To disagree, one doesn’t have to be disagreeable. ~ Barry Goldwater
Few leaders can avoid confrontation. There are simply too many items and employees that require oversight and guidance. The likelihood is very high that every leader will need to address numerous areas of concern within her organization at various points.
Whether the matter is personal (a co-worker’s attitude or manners, for example) or performance related, confronting someone about an issue can be one of the hardest things for a leader to do. It is generally unpleasant for someone to have to bring this concern forward and demand change and improvement. In fact, many leaders will go to extreme lengths to avoid it. Some reasons for this include:
- Fear of how your relationship will be affected moving forward;
- Concern over being seen as overly demanding or callous;
- Bad feelings from past confrontations that went awry;
- Second-guessing and questioning ourselves regarding our grounds and motives for the confrontation;
- Negative memories from times that we were confronted by others.
Yet, we also know what can happen when a leader fails to step up and deal with a troubling situation. Without a doubt, it would be a mistake to allow problems to continue in the spirit of being a nice guy and hoping that the situation will magically be resolved on its own. Problem behaviors and poor performance need to be addressed early on and in a clear and firm manner. Doing so will not only help you reset expectations but may also help you understand why the problems are occurring. Your actions will also be appreciated by the rest of your staff who may be even more fed up with such negativity and mediocrity than you are.
To be clear, the confrontation that we are discussing is not of the aggressive, agitated variety. Such approaches are almost guaranteed to engender ill will and may even go sideways on you. Rather, leaders need to find ways to discuss their concerns in a calm, direct and proactive fashion. Engaging in productive confrontation paves the way for alternative perspectives, healthier boundaries, innovative approaches, and challenges to the status quo, all of which are essential if we want to enhance our present realities.
Even with a calm presentation it can be very difficult for leaders to confront others, for the reasons stated above. What can leaders do to overcome their concerns and be more willing to address problems head-on?
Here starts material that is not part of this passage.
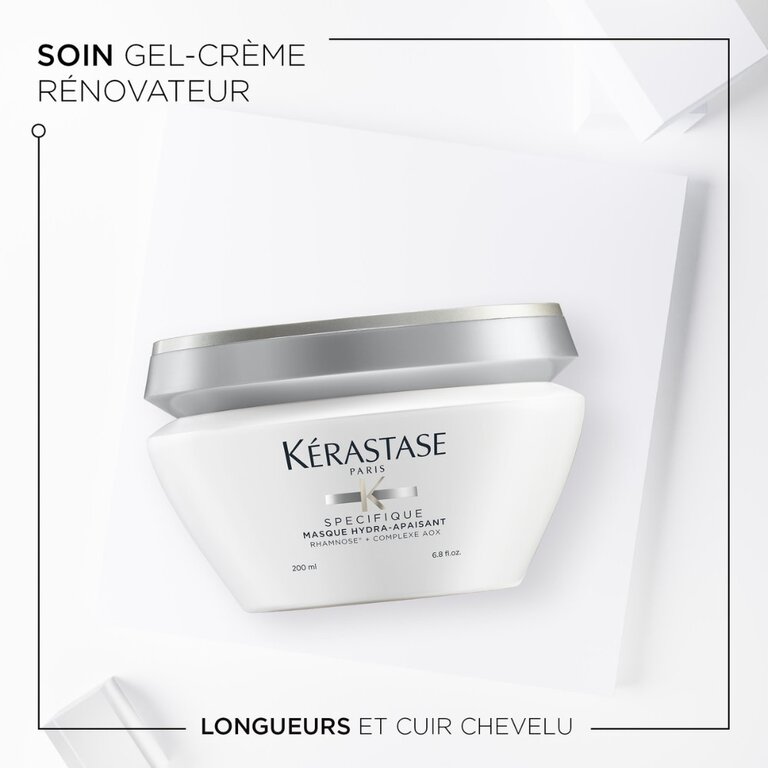 Le masque hydra-apaisant Specifique de Kérastase est un soin restructurant en gel-crème conçu pour apaiser et hydrater intensément les cuirs chevelus sensibles et les cheveux desséchés. Sa texture fondante pénètre en profondeur dans la fibre capillaire pour réparer les zones endommagées et restaurer l'équilibre hydrolipidique du cuir chevelu.

Be prepared. Take the time to assess the situation as fully as possible. This includes understanding the concern thoroughly in addition to how it affects you and the company — practically as well as emotionally. Try to separate out the less crucial components from the core considerations. Once you have that clear, prepare for what you will say in detail. In that process, seek to identify the other person’s agenda and what her likely reaction will be. Use logic rather than emotion to frame your argument; if you’re too worked up emotionally, then you’re not ready to move forward. Lastly, seek to identify what an ideal outcome would look like that brings success and satisfaction to you both.
Ask yourself, “How would I want to be approached?” Oftentimes, the best measure for how best to advance an unpleasant conversation is to determine how you would like to be approached in such a situation. Unless you are one of those people who let things slide off of your back easily, your own intuition should guide you well. Naturally, setting and context are important. No one wants to be confronted in public or while they’re in the middle of an important task. Ideally, they should know that the conversation is coming beforehand. This will help them begin to reflect about what might be bothering you.
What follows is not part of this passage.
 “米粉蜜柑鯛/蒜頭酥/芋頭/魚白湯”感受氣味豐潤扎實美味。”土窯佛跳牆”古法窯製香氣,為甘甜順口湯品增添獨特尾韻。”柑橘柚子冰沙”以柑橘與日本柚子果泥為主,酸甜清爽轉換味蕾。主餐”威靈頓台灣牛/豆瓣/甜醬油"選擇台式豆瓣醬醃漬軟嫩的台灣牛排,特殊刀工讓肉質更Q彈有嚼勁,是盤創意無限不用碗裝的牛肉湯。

Of course, never begin any conversation if you are not in full control of your emotions. If you are not sure that you are ready to manage your emotions before the confrontation, role-play it with someone you trust and ask for feedback. Practice makes perfect, especially in cases such as these.
Keep the conversation issues-oriented. There is nothing wrong with being hard on the issues so long as you remain soft on the person. Affirm your relationship with her and express your commitment to doing what you can to help achieve a positive outcome. Also express what is working before hitting home on the concerns. When expressing the problems, demonstrate as much care, respect, and compassion as you can muster. Once you have completed your opening statement stop talking. Don’t hedge, qualify or compromise what you have said. Let the other person respond, and really seek to listen. Do your best to not argue. Stay calm, centered and focused.
Be open to a new outcome. Though you will spend time thinking about your desired outcome and then rehearsing how to achieve it, it pays to remain open to the possibility of arriving at a different solution. Explore and discuss potential solutions and alternatives, and try to focus on both parties’ individual needs and wants.
Set a course of action. Once you have arrived at an agreement, decide on a follow-up plan. What will each person will do to address the issue? Make sure that the goals that you set are S.M.A.R.T. (specific, measurable, achievable, realistic and timely) and come with an attached timeframe. Then, make every effort to stay to the agreed to process.